Given the role of immune system in the development of schizophrenia and increased levels of inflammatory cytokines in the CNS, Muller et al. (5) studied cyclooxygenase inhibitors, like Celecoxib-2, as an immune regulator drug, on 50 patients in the acute phase of schizophrenia, randomly divided to two experimental and control groups. The experimental group received 2 - 6 mg of risperidone daily with 400 mg of celecoxib, while the other group received 2 - 6 mg of risperidone daily plus placebo. There were no differences in age, gender, duration and severity of symptoms, psychopathology of the patient and the dose and plasma levels of risperidone between the two groups. After five weeks, the patients were evaluated by PANSS, and ultimately, the group receiving celecoxib along with risperidone showed a significant reduction in symptoms.
In 2006, Laan et al. (16) examined the effects of adding acetylsalicylic acid in the treatment of 80 patients with schizophrenia, schizophrenia form and schizoaffective. The patients were assigned randomly to experimental and control groups through a double-blind procedure. For three months, one group received regular antipsychotic with placebo while the other group was given 1000 mg of acetylsalicylic acid daily with pantoprazole to reduce gastrointestinal complications. After three months, the results were as follows: positive and negative symptoms were curtailed and cognitive performance improved in the control group.

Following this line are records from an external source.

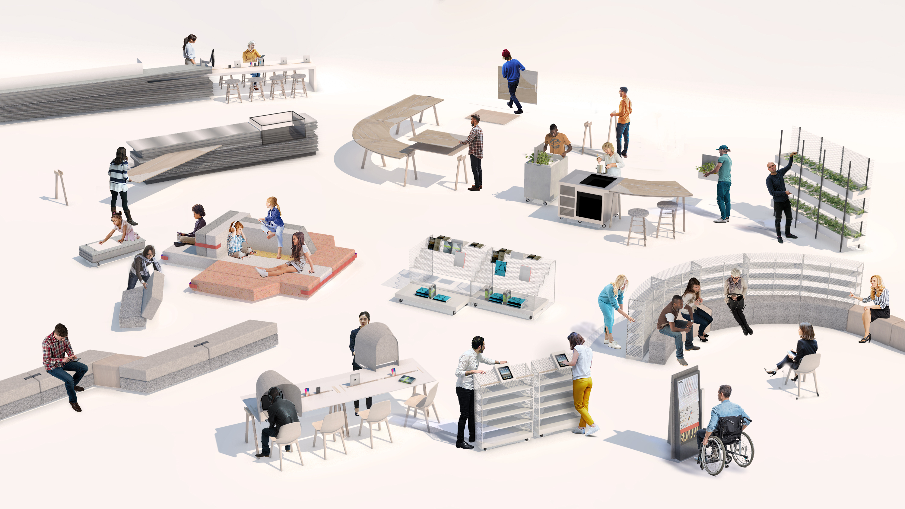 The semi-transparent and colorful materiality of this walkway and its activators becomes a technological support for projectors, directional loudspeakers or other technological supports capable of sustaining an experience of movement and immersive places; places of discovery and concentration."
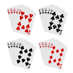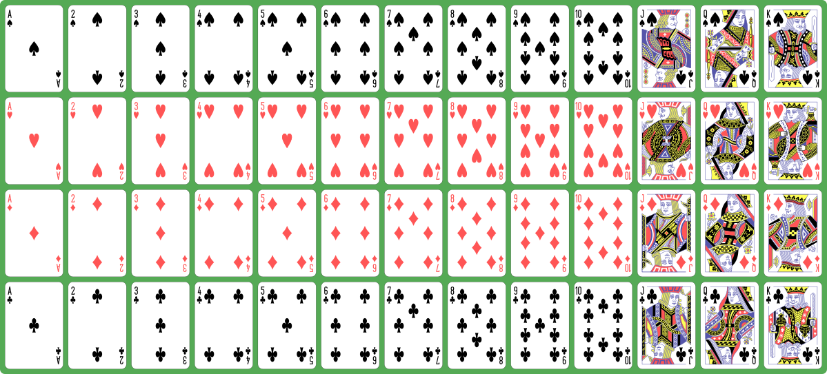 문양 별로 1(A), 2, 3, 4, 5, 6, 7, 8, 9, 10, 11(J), 12(Q), 13(K) 13개의 숫자 카드로 구성된다.
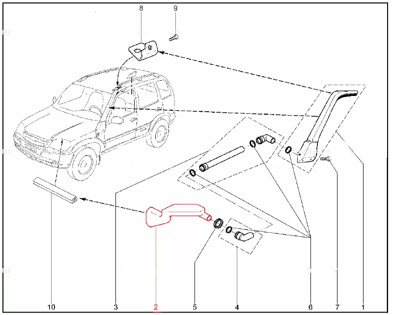 Отвод корпуса воздушного фильтра под шноркель для Лада Нива Тревел и Шеви Нива.
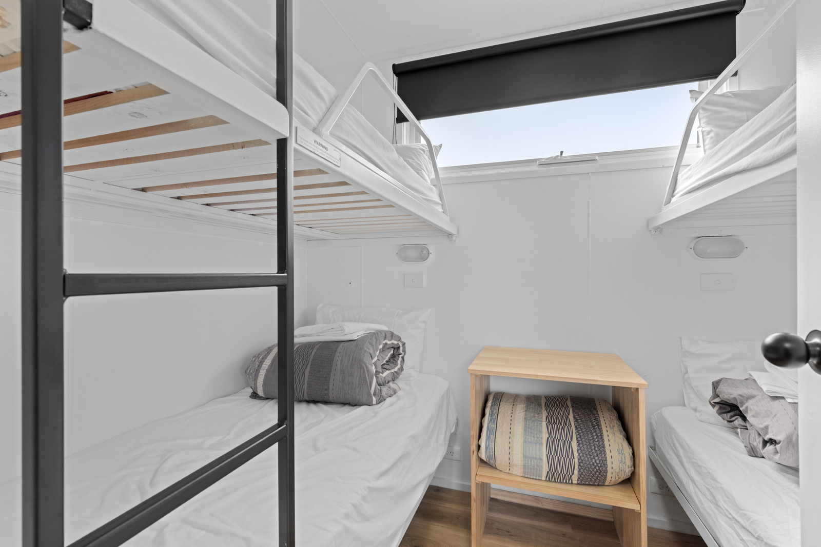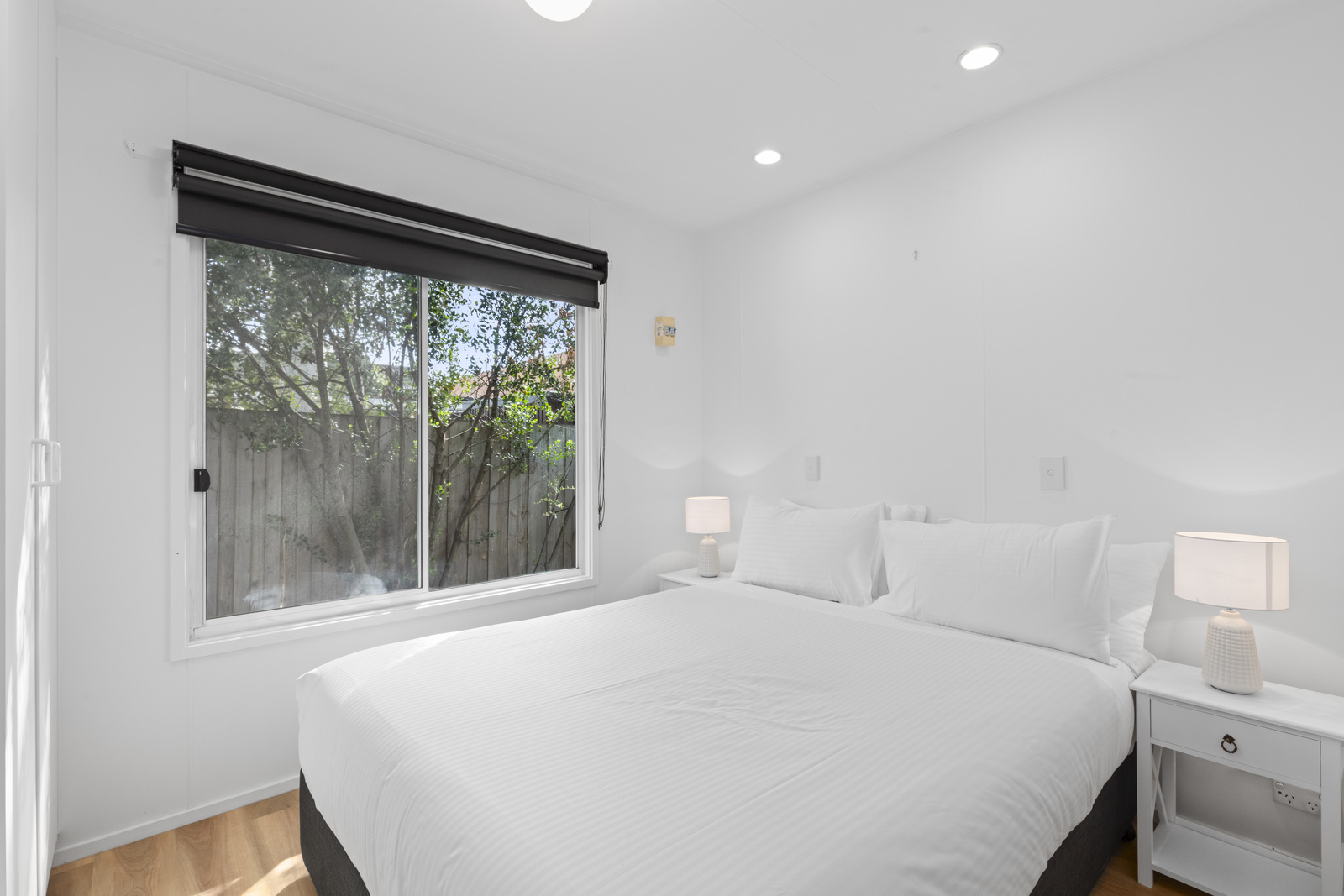 Experience a comfortable stay with a view of the pool. Our 2 Bedroom Poolview Villas sleep up to six guests with a queen bed in the main bedroom and two bunks in the second bedroom, as well as a bathroom, living area, kitchen, and private deck.
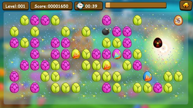 Timed - Complexity increases as new eggs arrive from bottom and you need to be quick to complete the level. If the eggs reaches top, game over! There is a time limit to complete the level. Crush certain number of eggs in limited time to complete the level.
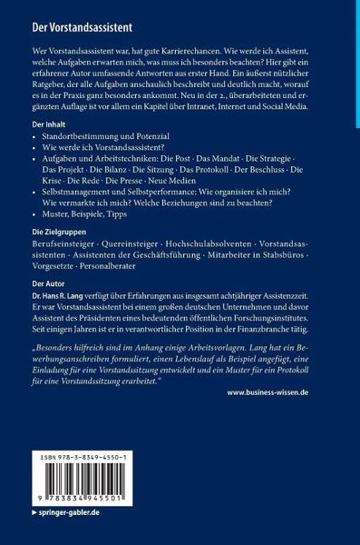 Wer Vorstandsassistent war, hat gute Karrierechancen. Wie werde ich Assistent, welche Aufgaben erwarten mich, was muss ich besonders beachten? Hier gibt ein erfahrener Autor umfassende Antworten aus erster Hand. Ein äußerst nützlicher Ratgeber, der alle Aufgaben anschaulich beschreibt und deutlich macht, worauf es in der Praxis ganz besonders ankommt. Neu in der 2., überarbeiteten und ergänzten Auflage ist vor allem ein Kapitel über Intranet, Internet und Social Media.
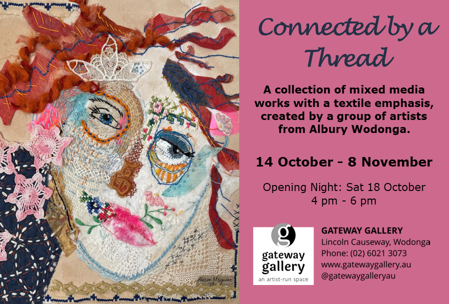 CONNECTED BY A THREAD brings together textile artists from across the Albury-Wodonga region who share a passion for working with fibre and fabric. Meeting monthly, the group provides a supportive space to exchange ideas, learn new techniques, and encourage one another’s creative practice.
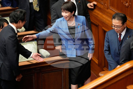 Sanae Takaichi, center, bows as she was elected as Japan's new prime minister during the extraordinary session of the lower house, in Tokyo, Japan, Tuesday, Oct. 21, 2025.(AP Photo/Eugene Hoshiko)
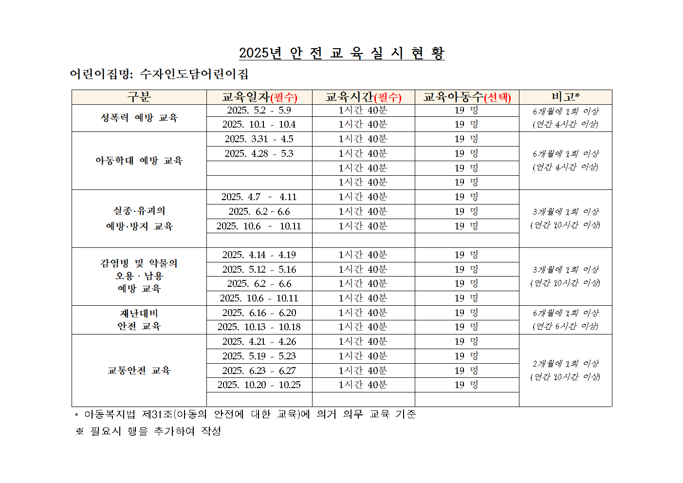 | 아동 안전교육 실시 현황 | 안전교육 현황001.bmp | ||
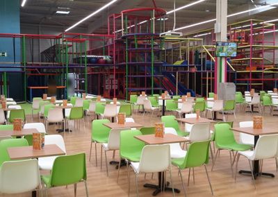 Les enfants peuvent profiter d'options de jeu illimitées dans des structures de six mètres de hauteur sous la surveillance des parents depuis des zones dédiées.
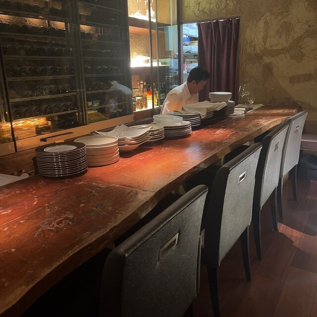 特別な一日にふさわしい店内には楢の一枚板のカウンター席に
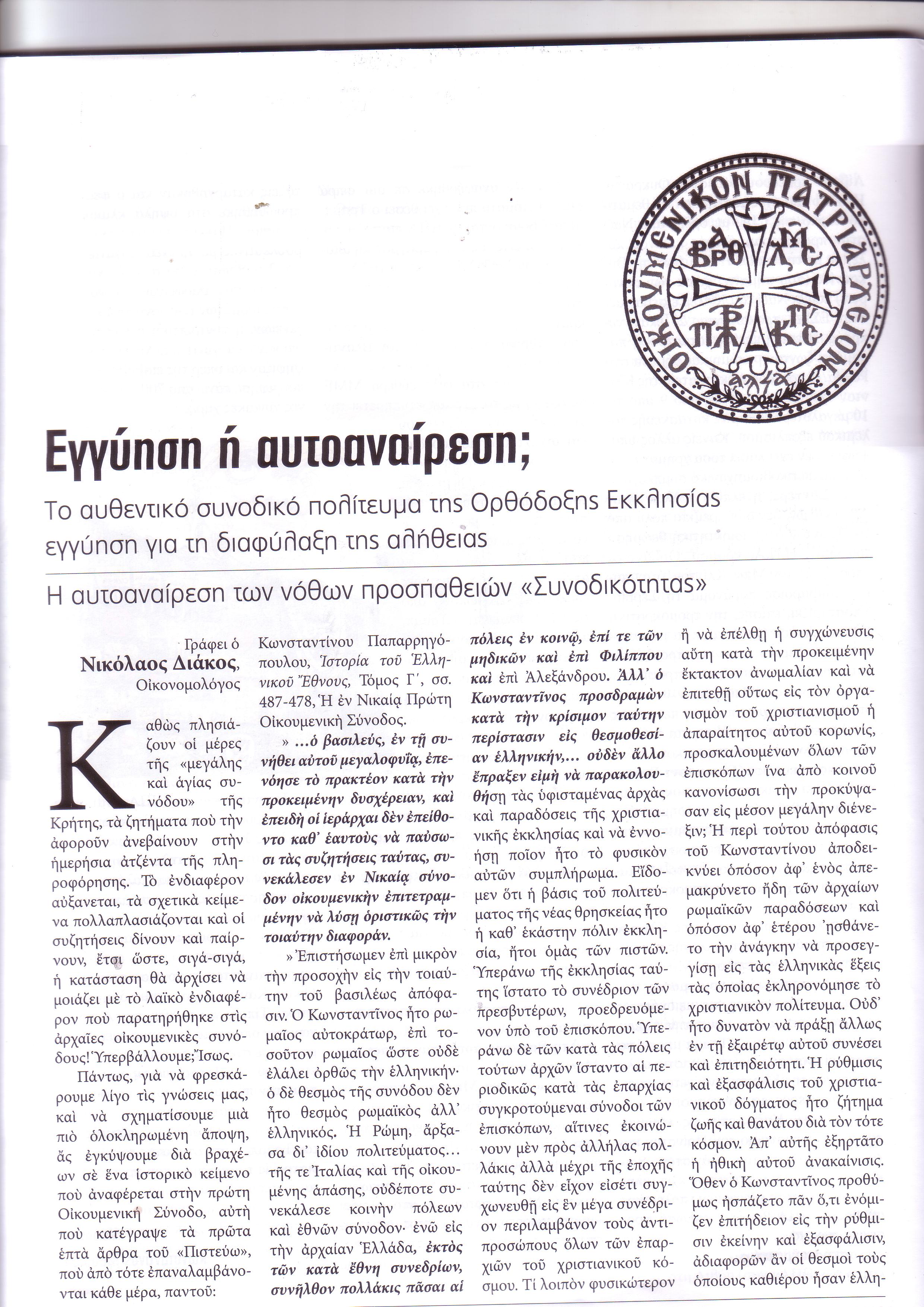 Εἶναι ἀναμφισβήτητο ὅμως, ὅτι αὐτὸ ποὺ βιώνουμε τὶς τελευταῖες δεκαετίες, εἶναι ἡ ἐπιβολὴ τοῦ ἀντιδημοκρατικοῦ παπικοῦ συστήματος καὶ στὰ δικά μας ἐκκλησιαστικὰ πράγματα. Κορύφωση φαίνεται ὅτι ἀποτελεῖ ἡ ἐπικείμενη σύνοδος τῆς Κρήτης στὶς 16 Ἰουνίου.

Conclusively, it is desired that aspirin, as a non-steroid anti-inflammatory drug (NSAID), be able to provide patients with the benefits of anti-coagulant and anti-inflammatory in the brain without potential peripheral adverse effects. The results of this study should be interpreted with consideration of its limitations. Small sample size and short observation period are the major limitations of this study. These results may be confirmed in more prolonged trials with larger sample sizes to ensure study power. Also, it should be mentioned that PANSS is limited to assessing behavioral problems; therefore, patient cognitive function improvement is not measurable. In conclusion, this triple-blind, placebo-controlled clinical trial revealed aspirin as a tolerable adjunct to antipsychotics with improvement in primary positive, negative and general psychopathology symptoms of schizophrenia in patients. Additional studies with long-term follow-up periods seem to be essential to reinforce clinical use of adjuvant aspirin in schizophrenic patients.
5.1. Conclusions
Based on our results, we can conclude that aspirin can be equally useful in the reduction of positive, negative and general psychopathology of schizophrenia, but further studies are needed to compare the effectiveness of different types of usage of NSAIDs in schizophrenia. We purpose more studies for investigation of the effect of aspirin augmentation on reduction of schizophrenia symptoms.